Data listing =
==*==

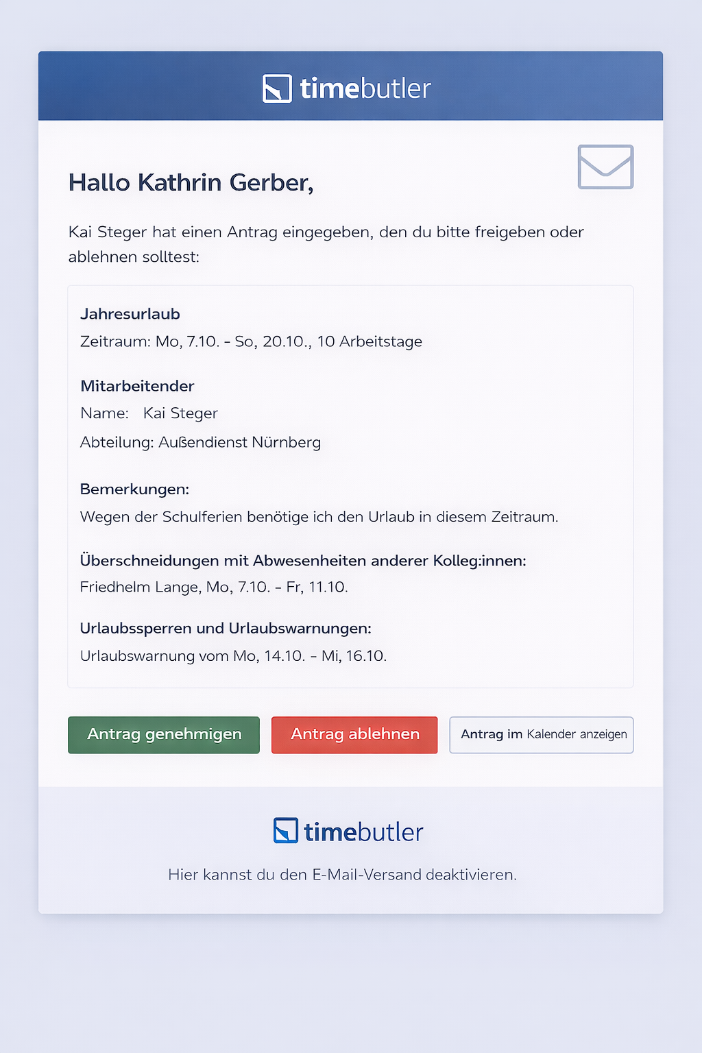 Sobald du Urlaub einträgst, startet Timebutler den Genehmigungs-Workflow. Deine Vorgesetzten werden per E‑Mail über den Urlaubsantrag benachrichtigt. Wenn dir mehrere Vorgesetzte zugeordnet sind, läuft ein mehrstufiger Genehmigungs-Workflow.
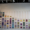 The origins of the word ‘chromosome’ comes from Greek khroma (“color”) + soma (“body”)’ These panels, literally made up of different color combinations, physically manifest the “color bodies” (or chromosomes). Chromosome paintings as representations of scientific data are optically stunning and will generate dialogues about vibrancy, complements, contrasts, and tonal ranges of the color combinations, which parallel genetic variance, anomalies, and similarities. The technique of chromosome painting, also known as “fluorescence in situ hybridization,” can detect chromosomal abnormalities like translocations and structural alterations associated with various diseases. For example, chromosome 19 carries a gene implicated in leukemia. With these disease associations in mind, each panel is labeled with a type of cancer correlated with a genetic marker present on the chromosome.
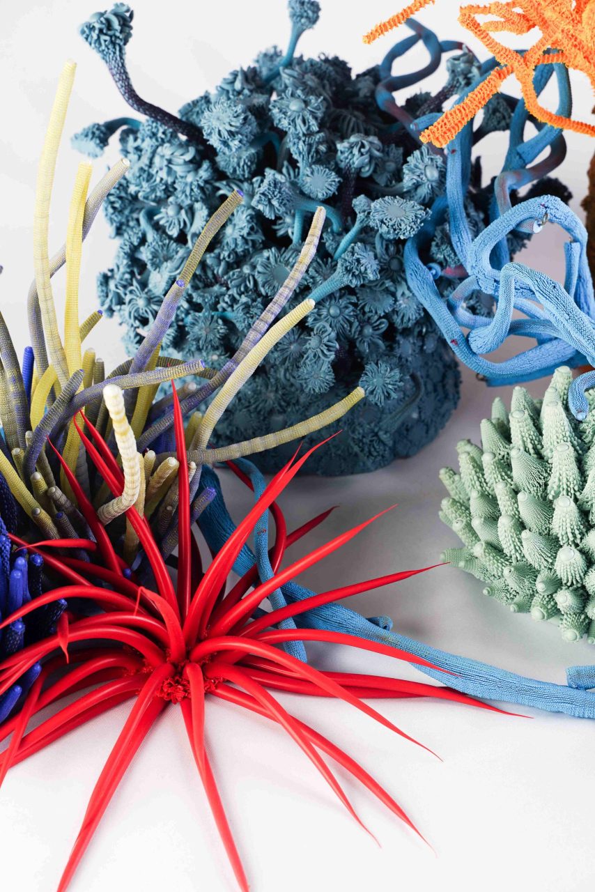 בכניסה לחלל התערוכה ״שירת האלמוגים״ במוזיאון הטבע צריך לעצור לרגע ולתת לעיניים להסתגל לחשיכה. כמעט כמו השתהות מעל המים לקחת אוויר, רגע לפני הצלילה לתוך המיצב של המעצב והאמן צורי גואטה – על צבעיו המרהיבים, על פרטי הפיסול הווירטואוזי והחומרים המתעתעים. ככל שנעמיק פנימה, העבודות מקיפות ועוטפות אותנו, והשיטוט בתערוכה מדמה צפייה מקרוב בשוניות אלמוגים (בלי להרטיב את הרגליים).
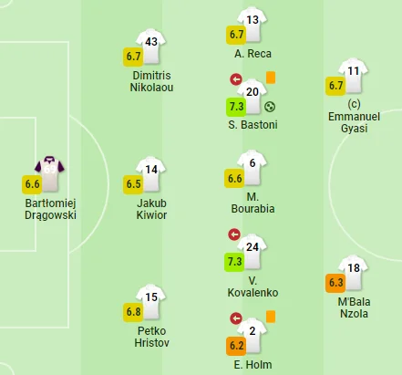 Орсолини в ответ проверил бдительность Дронговски с дальнего расстояния. В конце тайма украинец пробивал сам, но защитники заблокировали удар и вынесли снаряд на угловой. Уже в добавленное время Бастон восстановил статус-кво, забив гол в раздевалку: Симоне отважился на несильный удар в угол ворот – Скорупски не видел момента выстрела и даже не шелохнулся.
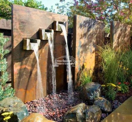 Ubbink Niagara 30 vízeséselem, 30 cm széles, anyaga inox. 1" -os belsőmenetes bekötési lehetőség a tartály alján és hátulján. A méretezést a lentebbi ábrán találja. Ezen felül néhány ötlet képekben az alkalmazáshoz.
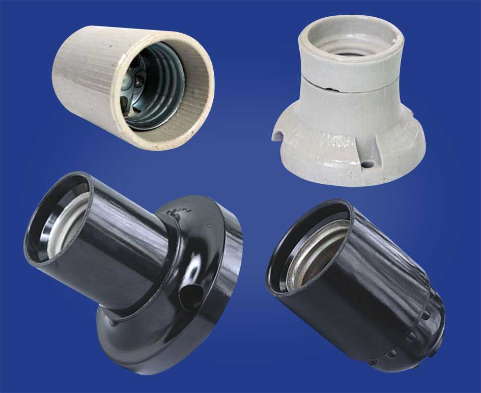 Любой патрон состоит из трех обязательных элементов – это гильза с резьбой, донышко и керамический вкладыш. Гильза находится в цилиндрическом корпусе и в нее вкручивается лампочка. Изготавливается корпус из пластика (наиболее распространенные), керамики, металла, карболита.
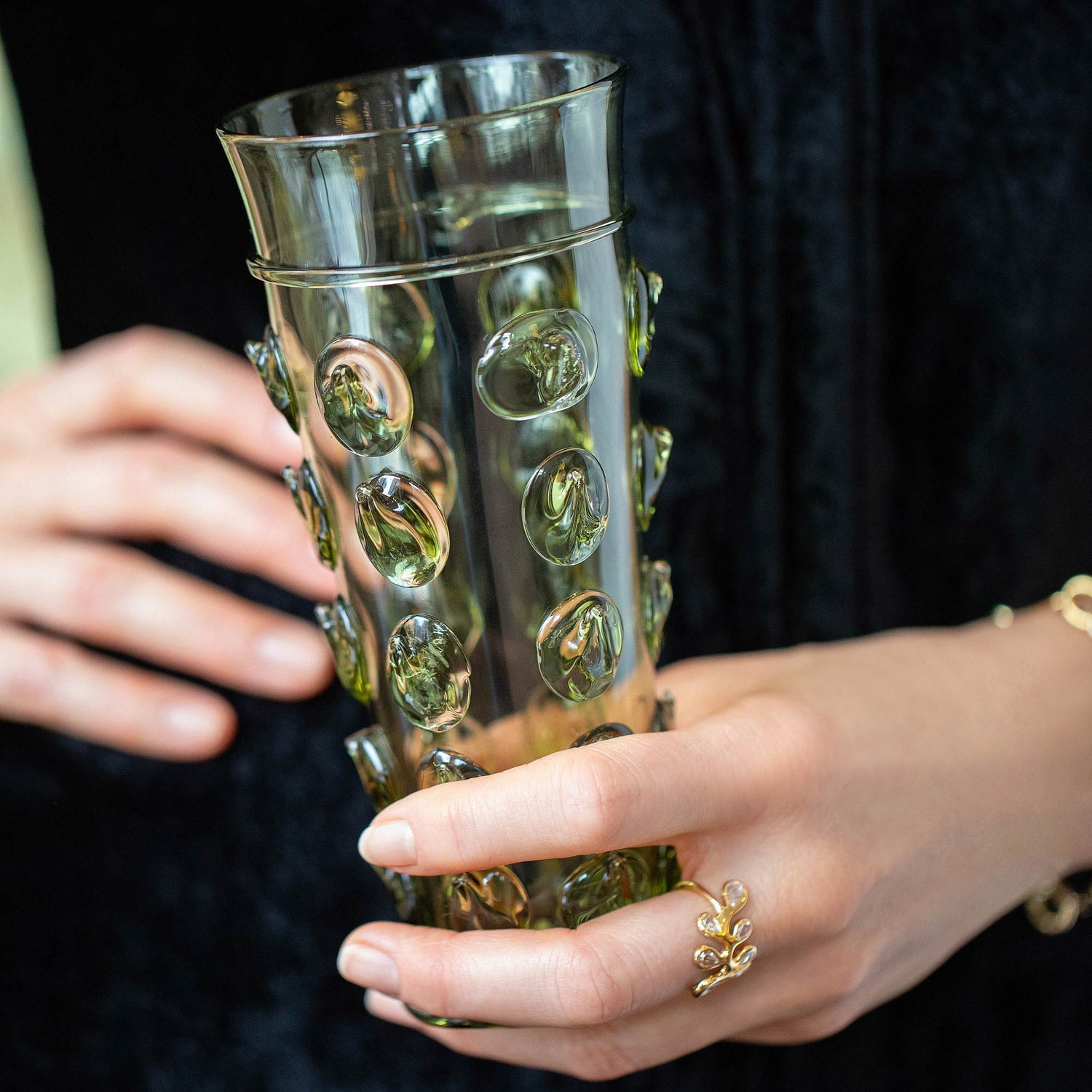 Each mouth-blown Bollenglass piece is handmade by master craftspeople in line with Czech traditions. Their designs contain intricate details that reference historical styles of glass.
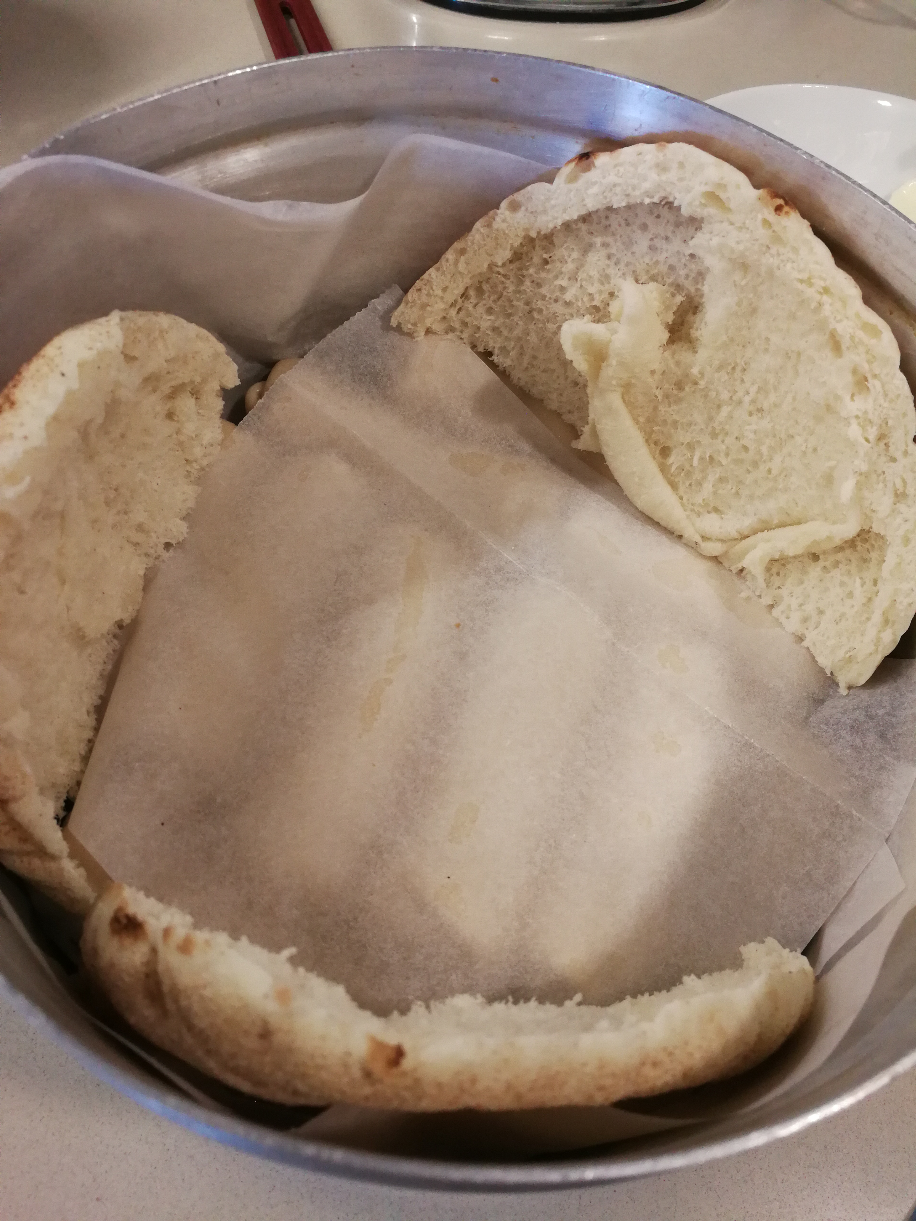 Line bottom of pot with baking paper, cut pita into two circles and place on bottom of pot on the baking paper. This is to absorb excess oil and fat from the baking process. After the bottom is sealed, the sides also have to be lined with baking paper and pita.
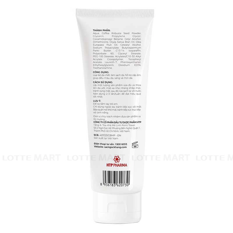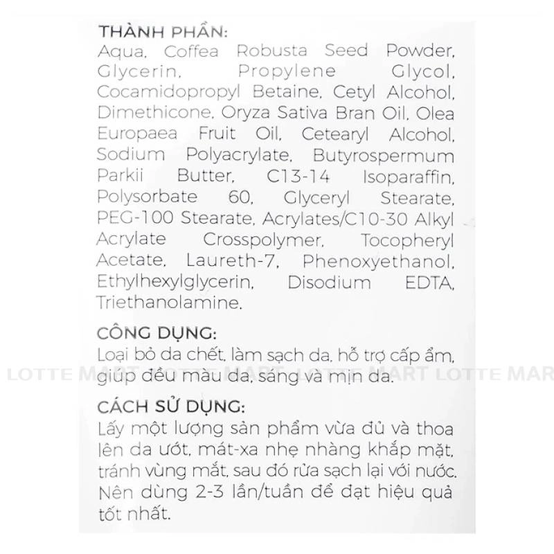 - Thành phần chiết xuất Cà phê Robusta xay nhuyễn, dầu Cám Gạo, Dầu Oliu.
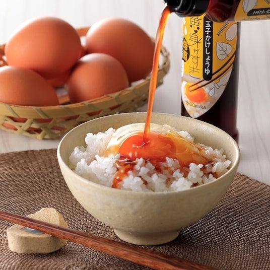 田村市産焙煎エゴマ油と福島県内製造の本醸造しょうゆが黄身の甘みとコクを際立たせました。ほんのり甘めで香ばしく、塩分控えめ。卵かけご飯が一段と美味しくなります。
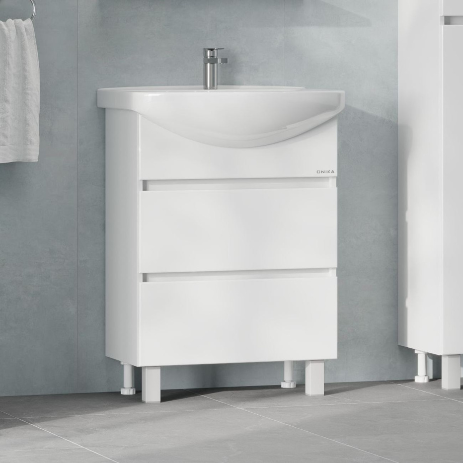 Тумба с раковиной Onika Элита белая 60.13 напольная, белая.
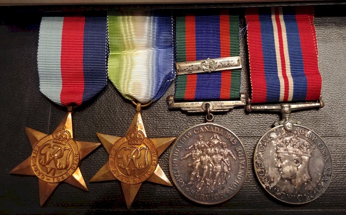 Lt Findlay's medals - The 1939-1945 Star, The Atlantic Star, The CVSM with Bar and The War Medal 1939-45
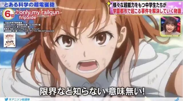 《某科学的超电磁炮》第一季的OP「only my railgun」在这次总决赛中排到了第六名,成绩非常不错。而「only my railgun」这首歌也是一首影响力很大的歌,特别是南条爱乃的版本。
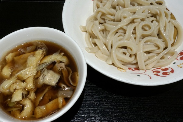 三鷹駅の「いろり庵きらく」の店舗には、店名に「武蔵野うどん」が付加されています。正式な店名ではないでしょうが、ご当地B級グルメ「武蔵野うどん」のメニューがあります。これは肉ねぎ汁うどん580円。
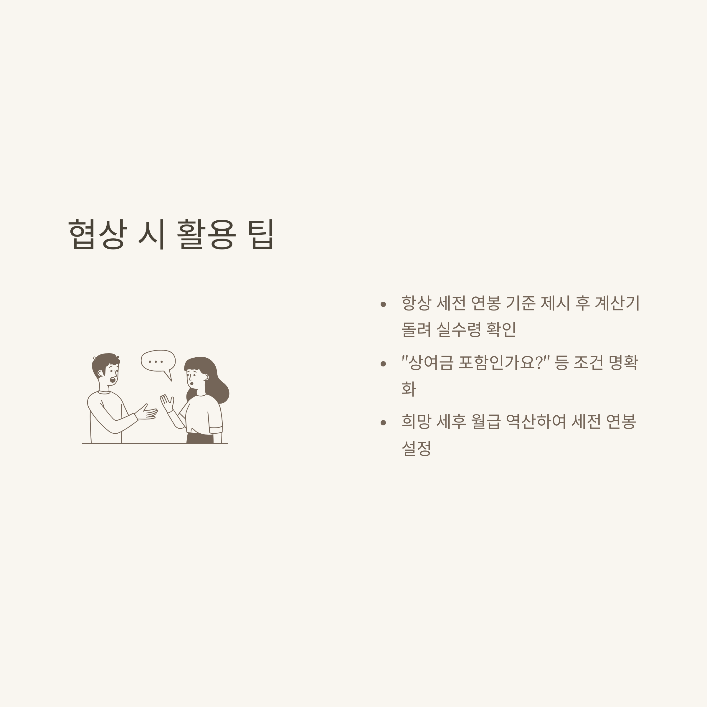 - 협상 시에는 세전 기준 연봉 제시
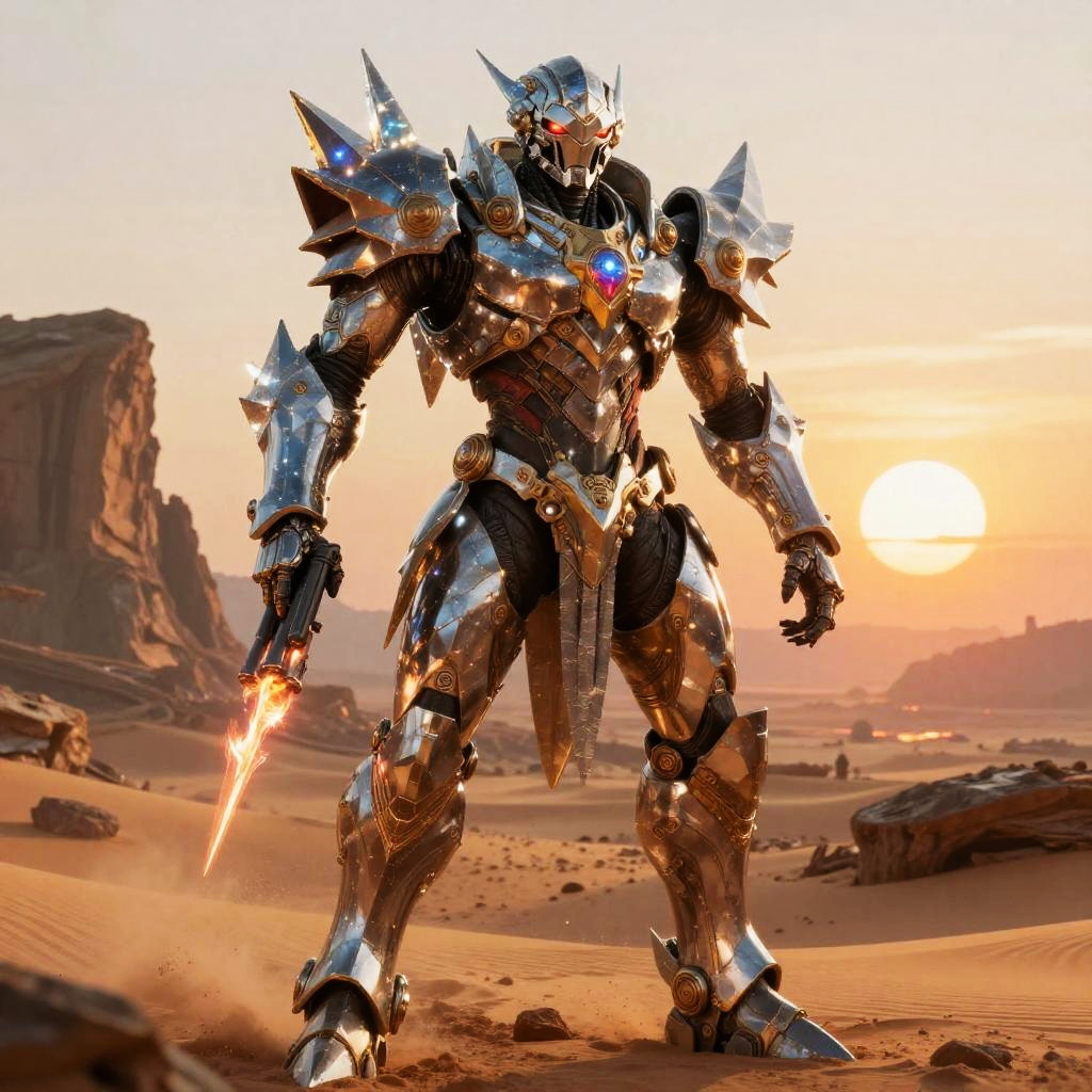 A digital CGI image of a towering, armored warrior standing in a desert at sunset. The warrior is clad in highly reflective, metallic silver armor with sharp, angular spikes and glowing blue and red accents. He wields a flaming sword in his right hand. The background features towering rock formations and a glowing orange sun setting over the sandy landscape. The armor's intricate design and the warrior's imposing stance evoke a sense of power and readiness. The light reflects off the armor, enhancing its metallic texture.

==*==

Exercise goal = What you return must match the records above exactly, minus any images.

Result below =
 Sobald du Urlaub einträgst, startet Timebutler den Genehmigungs-Workflow. Deine Vorgesetzten werden per E‑Mail über den Urlaubsantrag benachrichtigt. Wenn dir mehrere Vorgesetzte zugeordnet sind, läuft ein mehrstufiger Genehmigungs-Workflow.
 The origins of the word ‘chromosome’ comes from Greek khroma (“color”) + soma (“body”)’ These panels, literally made up of different color combinations, physically manifest the “color bodies” (or chromosomes). Chromosome paintings as representations of scientific data are optically stunning and will generate dialogues about vibrancy, complements, contrasts, and tonal ranges of the color combinations, which parallel genetic variance, anomalies, and similarities. The technique of chromosome painting, also known as “fluorescence in situ hybridization,” can detect chromosomal abnormalities like translocations and structural alterations associated with various diseases. For example, chromosome 19 carries a gene implicated in leukemia. With these disease associations in mind, each panel is labeled with a type of cancer correlated with a genetic marker present on the chromosome.
 בכניסה לחלל התערוכה ״שירת האלמוגים״ במוזיאון הטבע צריך לעצור לרגע ולתת לעיניים להסתגל לחשיכה. כמעט כמו השתהות מעל המים לקחת אוויר, רגע לפני הצלילה לתוך המיצב של המעצב והאמן צורי גואטה – על צבעיו המרהיבים, על פרטי הפיסול הווירטואוזי והחומרים המתעתעים. ככל שנעמיק פנימה, העבודות מקיפות ועוטפות אותנו, והשיטוט בתערוכה מדמה צפייה מקרוב בשוניות אלמוגים (בלי להרטיב את הרגליים).
 Орсолини в ответ проверил бдительность Дронговски с дальнего расстояния. В конце тайма украинец пробивал сам, но защитники заблокировали удар и вынесли снаряд на угловой. Уже в добавленное время Бастон восстановил статус-кво, забив гол в раздевалку: Симоне отважился на несильный удар в угол ворот – Скорупски не видел момента выстрела и даже не шелохнулся.
 Ubbink Niagara 30 vízeséselem, 30 cm széles, anyaga inox. 1" -os belsőmenetes bekötési lehetőség a tartály alján és hátulján. A méretezést a lentebbi ábrán találja. Ezen felül néhány ötlet képekben az alkalmazáshoz.
 Любой патрон состоит из трех обязательных элементов – это гильза с резьбой, донышко и керамический вкладыш. Гильза находится в цилиндрическом корпусе и в нее вкручивается лампочка. Изготавливается корпус из пластика (наиболее распространенные), керамики, металла, карболита.
 Each mouth-blown Bollenglass piece is handmade by master craftspeople in line with Czech traditions. Their designs contain intricate details that reference historical styles of glass.
 Line bottom of pot with baking paper, cut pita into two circles and place on bottom of pot on the baking paper. This is to absorb excess oil and fat from the baking process. After the bottom is sealed, the sides also have to be lined with baking paper and pita.
 - Thành phần chiết xuất Cà phê Robusta xay nhuyễn, dầu Cám Gạo, Dầu Oliu.
 田村市産焙煎エゴマ油と福島県内製造の本醸造しょうゆが黄身の甘みとコクを際立たせました。ほんのり甘めで香ばしく、塩分控えめ。卵かけご飯が一段と美味しくなります。
 Тумба с раковиной Onika Элита белая 60.13 напольная, белая.
 Lt Findlay's medals - The 1939-1945 Star, The Atlantic Star, The CVSM with Bar and The War Medal 1939-45
 《某科学的超电磁炮》第一季的OP「only my railgun」在这次总决赛中排到了第六名,成绩非常不错。而「only my railgun」这首歌也是一首影响力很大的歌,特别是南条爱乃的版本。
 三鷹駅の「いろり庵きらく」の店舗には、店名に「武蔵野うどん」が付加されています。正式な店名ではないでしょうが、ご当地B級グルメ「武蔵野うどん」のメニューがあります。これは肉ねぎ汁うどん580円。
 - 협상 시에는 세전 기준 연봉 제시
 A digital CGI image of a towering, armored warrior standing in a desert at sunset. The warrior is clad in highly reflective, metallic silver armor with sharp, angular spikes and glowing blue and red accents. He wields a flaming sword in his right hand. The background features towering rock formations and a glowing orange sun setting over the sandy landscape. The armor's intricate design and the warrior's imposing stance evoke a sense of power and readiness. The light reflects off the armor, enhancing its metallic texture.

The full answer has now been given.